In spite of Miss Emily’s distress there was more than a hint of low cunning in the sidelong glance she gave him. “I went out,” she said. “I placed my manifesto. I returned. I took my petit déjeuner in my room.”

“When did you go out?”

“At half past seven.”

“It was raining?”

“Heavily.”

“Did you meet anybody? Or see anybody?”

“I met nobody,” said Miss Emily. “I saw that wretched child. Walter Trehern. He was on the roadway that leads from the cottages up to the spring. It has, I believe, been called—” she closed her eyes—“ ‘Wally’s Way.’ He was halfway up the hill.”

“Did he see you?”

“He did. He uttered some sort of gibberish, gave an uncouth cry and waved his arms.”

“Did he see you leave?”

“I think not. When I had affixed my manifesto and faced about, he had already disappeared. Possibly he was hiding.”

“And you didn’t, of course, see Miss Cost”

“No.”

“You didn’t see her umbrella on your ledge above the pool? As you were tying up your notice?”

“Certainly not. I looked in that direction. It was not there.”

“And that would be at about twenty to eight. It wouldn’t, I think, take you more than ten minutes to walk there, from the pub?”

“No. It was five minutes to eight when I re-entered the hotel.”

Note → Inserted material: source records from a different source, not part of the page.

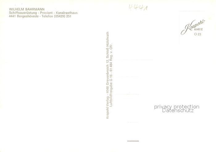 73666458 Bergeshoevede Fliegeraufnahme mit Bahrmann Schiffsausruestung Proviant Kanalrasthaus postalisch nicht gelaufen Erhaltung siehe scans [WerneD78] KatCode: 11110005566016
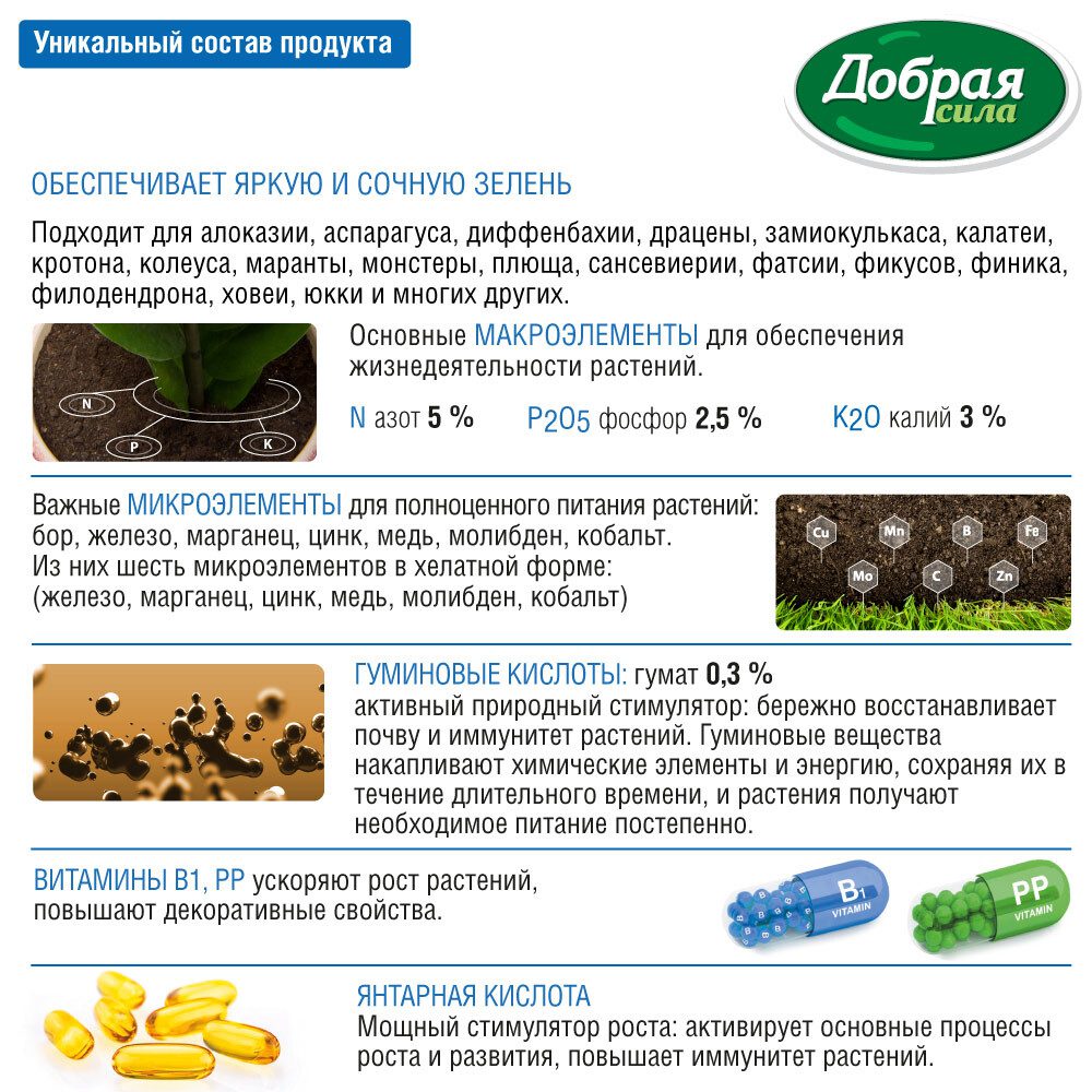 Удобрение органо-минеральное ДОБРАЯ СИЛА Для декоративно-лиственных 250 мл (DS21010121) содержит полный комплекс веществ, необходимых для полноценного и сбалансированного питания растений.
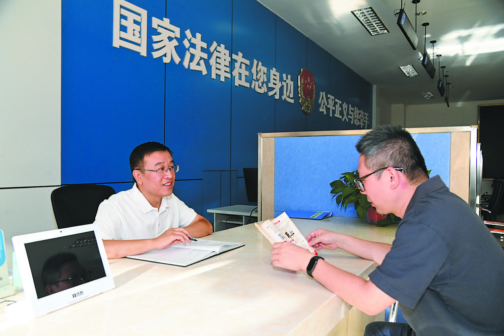 在石家庄市公共法律服务中心办事大厅,工作人员为前来咨询的市民提供法律建议和解决方案。
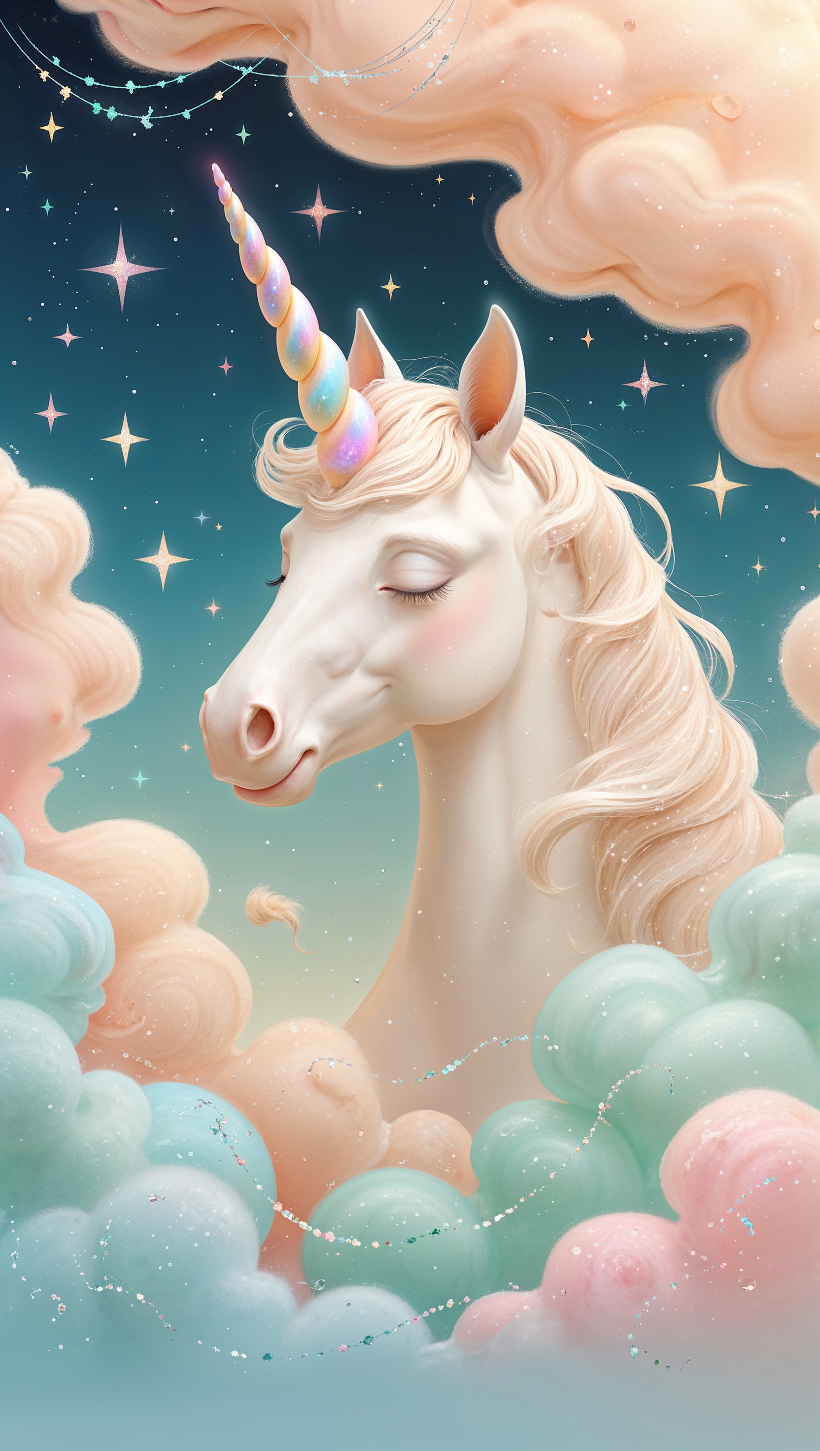 Cute pastel unicorn surrounded by clouds and stars in soft tones 1664x2944 Cute pastel unicorn surrounded by clouds and stars in soft tones
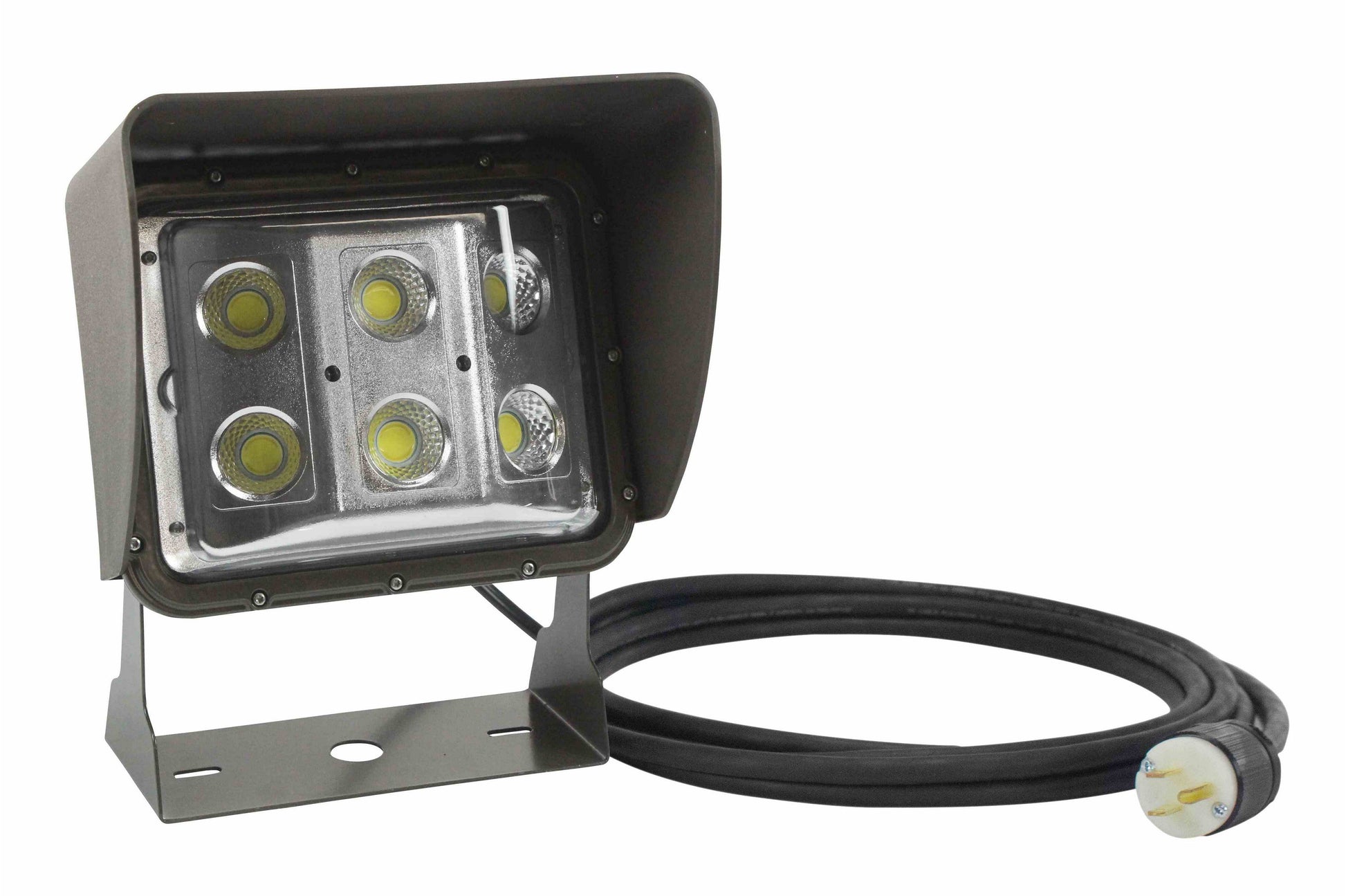 This magnetic mount LED flood lighting system is equipped with 25` of 16/3 chemical and abrasion resistant SOOW cord that is fitted with an industrial grade cord cap for easy connection to common wall outlets. Plug options include standard 5-15 15 amp straight blade plug for 110V wall outlets with ground, standard 6-15 15 amp straight blade plug for 220-240V wall outlets with ground, NEMA L5-15 15 amp twist lock plug for 125V twist lock outlets, NEMA L6-15 15 amp twist lock plug for 240V twist lock outlets, British BS1363 13 amp fused 3-blade plug for United Kingdom outlets, or a two pin 16 amp rated Schuko plug with ground contact and socket for European outlets up to 250V. Alternatively, we can provide flying leads with no plug for hard wire applications or for operators who prefer to wire in user provided cord caps. Please choose pigtail option below for flying leads with no plug.

“Did you drop the notice, face down in the mud?”

“Certainly not. Why?”

“It’s no matter. Miss Emily: please try to remember if you saw anybody at all on the village side of the causeway, or indeed anywhere. Any activity round the jetty, for instance, or on the bay or near the cottages? Then, or at any time during your expedition?”

“Certainly not.”

“And on your return journey?”

“The rain was driving in from the direction of the village. My umbrella was therefore inclined to meet it.”

“Yes. I see.”

A silence fell between them. Alleyn walked over to the window. It looked down on a small garden at the back of the old pub. As he stood there, absently staring, someone came into the garden from below. It was Mrs. Barrimore. She had a shallow basket over her arm and carried a pair of secateurs. She walked over to a clump of Michaelmas daisies and began to cut them, but her movement was so uncoordinated and wild that the flowers fell to the ground. She made as if to retrieve them, dropped her secateurs and then the basket. Her hands went to her face and for a time she crouched there, quite motionless. She then rose and walked aimlessly and hurriedly about the paths, turning and returning as if the garden were a prison yard. Her fingers twisted together. They might have been encumbered with rings of which she tried fruitlessly to rid them.